News & Documents

Investment Vehicle Manager Market & Portfolio Commentary – September 2019

30.09.2019

In September, there was a partial reversal of some of the price actions we saw in August. The European Central Bank (ECB) and the Federal Reserve (Fed) both loosened monetary policy further in September. The ECB lowered the deposit rate by 10bps with tiering and reintroduced QE at €20bn/month in an open-ended manner, while the Fed cut its benchmark rate by 25bps for the second time in three months. This resulted in a risk-on tone and equities were generally up during the month, with bank equities outperforming.

European Sub Investment Grade Highlights*

  • September leverage issuance was €18.36bn, short of €20.25bn of Last Year (“LY”). Monthly volumes were €9.29bn in loans (€12.10bn LY) and €9.08bn in High Yield (“HY”) (€8.15bn LY).
  • 2019 loan volumes have been 59% acquisition and 40% refinancing, with the balance for general corporate purposes. Euro denominated issuance comprised 93% of the volumes for the month, GBP 6% and 1% others. Deal volume has been 20% France, 15% UK, 14% United States, 12% Spain and 9% Germany.
  • 2019 bond volumes have been 69% refinancing and 14% M&A, with the balance for general corporate purposes. Sources of funding were 50% secured, 49% unsecured, with the balance being subordinated bonds. Composition was 91% Euro, 8% GBP, with the balance being others. YTD issuance has been 57% BB, 30% B and 7% split, with the balance being others. Deal volume has been 18% France, 17% UK, 14% Germany, 9% Netherlands and 7% Italy.
  • TL B new issue spreads in September were E+397bps, in a similar range to what has been seen throughout 2019. Average net leverage was stable at 5.29x, which is 0.26x lower than LY and compares with 5.3-5.8x which we have seen through H1 2019.
  • In the HY space, single B debt issued in the last 3 months priced at 4.82% yield, which compares with 6.61% for Q3 2018 and 6.74% for Q4 2018. For the BB space the YTM on a rolling 3-month basis was 2.88%, c.107bps tighter than the new issue for Q4 2018.

The Credit Suisse Western European Leveraged Loan Index hedged to Euro was up with a return of 0.56% in September, 1.05% in Q3 and 4.19% YTD. This compared to a return of 0.57% in September 2018, 1.45% in Q3 2018 and 2.37% YTD in 2018. On an LTM basis, the Index was up 2.34%.

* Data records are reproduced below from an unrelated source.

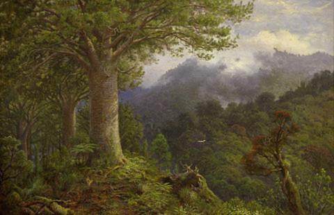 Charles Blomfield - 'The Mountain's Crown, Kauri Forest, Whangaroa'. 1918. Oil on canvas, 508 x 762 mm.
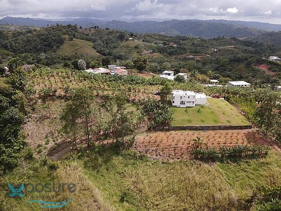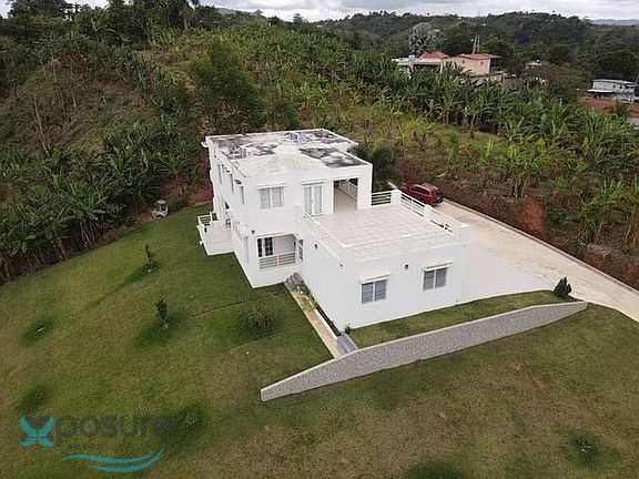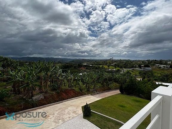 Beautiful property almost 4 cuerdas of land, multiple fruit trees such as bananas, soursops, pineapples among others. Two-tier; first level has a comfortable living room, dining room, kitchen, several balconies with beautiful views of the mountains, large kitchen, stainless steel appliances, half bathroom, laundry area. Second level, spacious master bedroom with cathedral ceiling, walking closet and comfortable bathroom, and large balcony with a view of the mountains. In addition two additional comfortable rooms, an office, and an additional bathroom. Large terrace on the second level, spectacular view of the mountains. Two garages with automatic doors, ample space for more vehicles, decorative cement garage entrance floor. In addition, a private entrance with an electric gate and a majestic drive in from the road to the top of that mountain to reach the house..
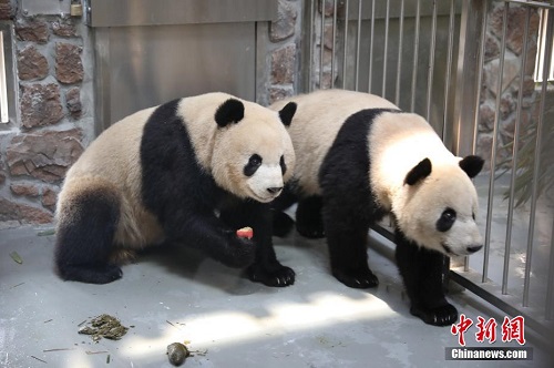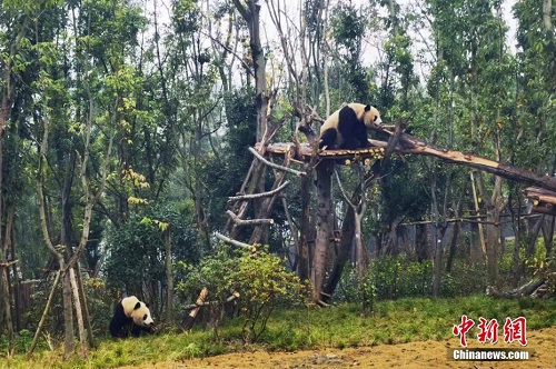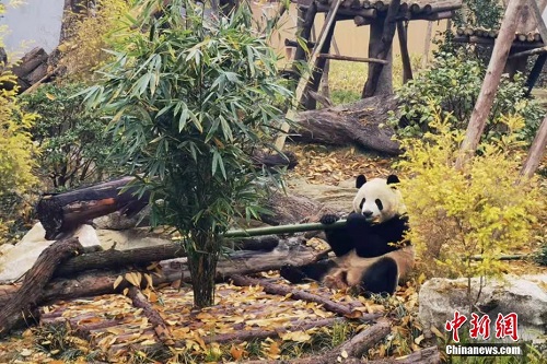 2021年12月13日,四川成都大熊猫繁育研究基地发布消息称,随着基地扩建区兽舍已经完成有毒有害物质检测和环境消杀工作,首批43只大熊猫和10只小熊猫,正陆续搬入“新家”,扩建区计划于2022年年初预开园。图为大熊猫走出场外活动。 图片来源:ICphoto

The Credit Suisse Western European HY Index hedged to Euro was down with a return of -0.04% in September, up 1.33% in Q3 and up 9.08% YTD. In September 2018, the same index was only up 0.05%. On an LTM basis, the Index was up 4.7%.

The new issue market came back to life after its summer lull of August. The portfolio continued with the theme of allocating senior secured positions in defensible sectors whist taking advantage of the strength in the broader loan market to rotate out of lower spread, lower rated issuers in sectors exposed to global macro concerns. In addition, secondary activity in the performing segment continued to rotate HY names on relative value positioning given the strong performance post Central Banks' support while also reducing HY GBP exposure in consideration of Brexit volatility.

The credit opportunities portfolio continues to see a strong flow of ideas and initiated a new position into a name which has been followed by the platform for a while. As discussed in previous monthly reports, there have been a number of restructuring processes which have been actively worked on, which are expected to drive performance in the future. Leading into the end of the month, one of these positions exited its balance sheet restructuring with a change of control to the lenders.

As of September close, performing credit (including cash) was at 56.6% of the portfolio with a weighted average price of 100.1, trading at a YTM of 4.8%, delivering 4.5% cash yield to the portfolio. Credit opportunities was at 43.4%, closing the month at a weighted average price of 85.1, trading at a YTM of 8.9%, and delivering 7.2% cash yield to the portfolio.

Floating rate instruments comprised 85.3% of the portfolio. Senior Secured 81.5%. The current yield is 6.4% (gross) with a weighted average market price of the portfolio of 92.8 versus 90.4 as at 31 December 2018. The cash position was at 5.0% compared to 15.3% as of the start of the year.